* [What the task requires] Print exactly, and only, the lines from the one containing "karger Junge und" through the last line of the records below, both included; leave out the pictures.

* [Material provided]
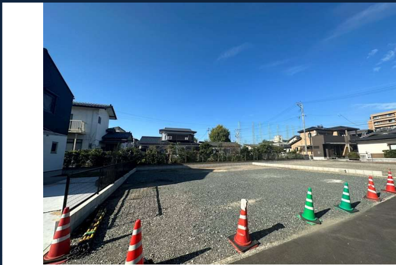
※現況優先となります。

本広告の有効期限は情報更新日より1か月間です。 情報更新日 2023年11月9日
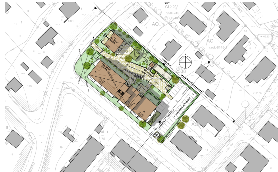
Uudisrakennukset sovitettuna ympäröivään rakennuskantaan
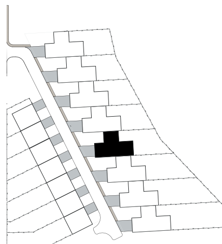
poloha domu v zástavbě

K možným nadstandardům, za které si však budoucí majitelé připlatí, pak lze jmenovat např. zbudování krbu, připojení jednotek klimatizace nebo centrálního vysavače (rozvody již jsou vybudovány v ceně standardů).
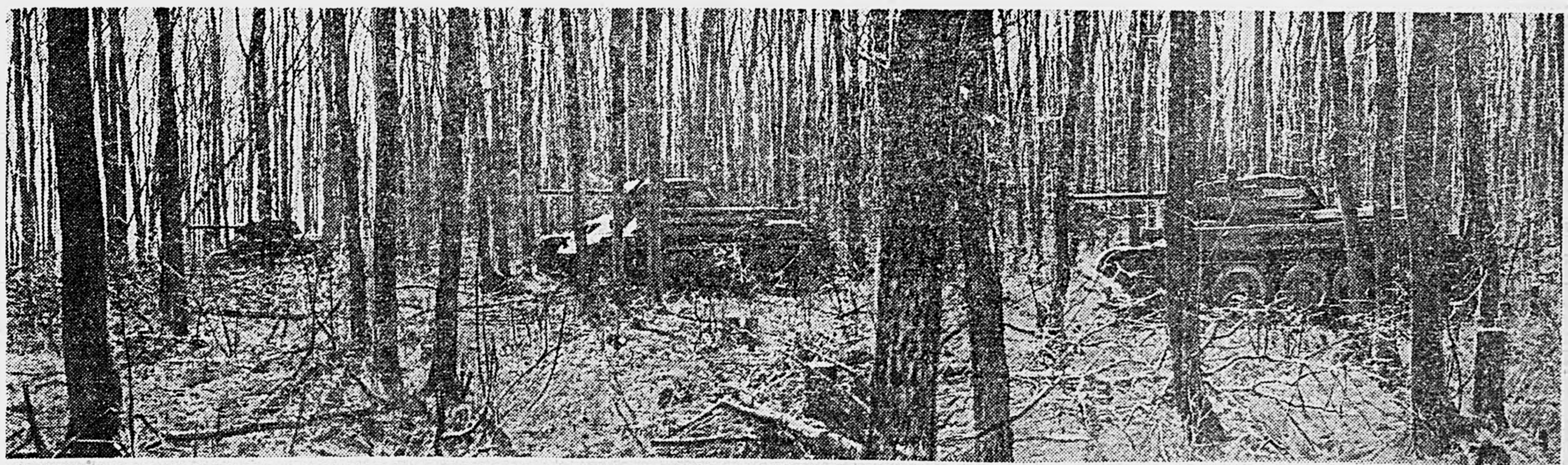
ЮГО-ЗАПАДНЫЙ ФРОНТ. Танки в засаде.

В другом месте фронта N часть одержала победу в бою за населенный пункт. Немцы оказали наступавшим упорное сопротивление. Они несколько раз переходили в контратаку, но ни одна из них не увенчалась успехом. Когда кончилась бой и фашисты отступили, на поле боя только убитых оказалось около 400 солдат и офицеров. Взяты пленные. Среди них один офицер.
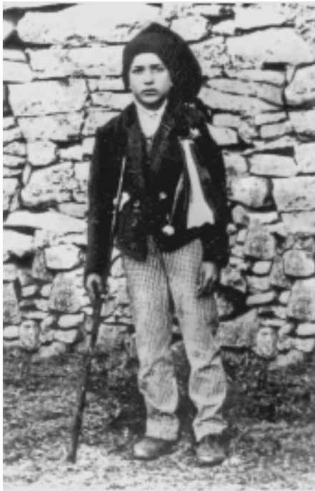
Abb. 5: Francisco Marto (1908–1919)

karger Junge und legte schon früh eine erstaunliche Liebe zur Natur an den Tag. Am liebsten hütete er seine Schafe zwischen abgelegenen Felsen, wo er sich verstecken konnte. Dort spielte er auf seiner Mundharmonika, sang selbst gedichtete Lieder dazu oder betete. Bei dieser Tätigkeit erlebte er gemeinsam mit seiner Schwester Jacinta und seiner Kusine Lucia dos Santos 1916 drei Erscheinungen eines Engels und 1917 die Erscheinungen der Gottesmutter, die er jedoch nie sprechen hörte, sodass er immer fragen musste, was sie gesagt hatte. Bei der Erscheinung am 13. Juni 1917 wurde ihm sein baldiger Tod angekündigt. Nach den Entbehnungen im Gefängnis und den Anforderungen als Seher erkrankte Francisco im
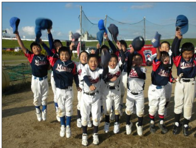
<準優勝:常陸大宮リーグ>

* [Response to this task]
karger Junge und legte schon früh eine erstaunliche Liebe zur Natur an den Tag. Am liebsten hütete er seine Schafe zwischen abgelegenen Felsen, wo er sich verstecken konnte. Dort spielte er auf seiner Mundharmonika, sang selbst gedichtete Lieder dazu oder betete. Bei dieser Tätigkeit erlebte er gemeinsam mit seiner Schwester Jacinta und seiner Kusine Lucia dos Santos 1916 drei Erscheinungen eines Engels und 1917 die Erscheinungen der Gottesmutter, die er jedoch nie sprechen hörte, sodass er immer fragen musste, was sie gesagt hatte. Bei der Erscheinung am 13. Juni 1917 wurde ihm sein baldiger Tod angekündigt. Nach den Entbehnungen im Gefängnis und den Anforderungen als Seher erkrankte Francisco im
<準優勝:常陸大宮リーグ>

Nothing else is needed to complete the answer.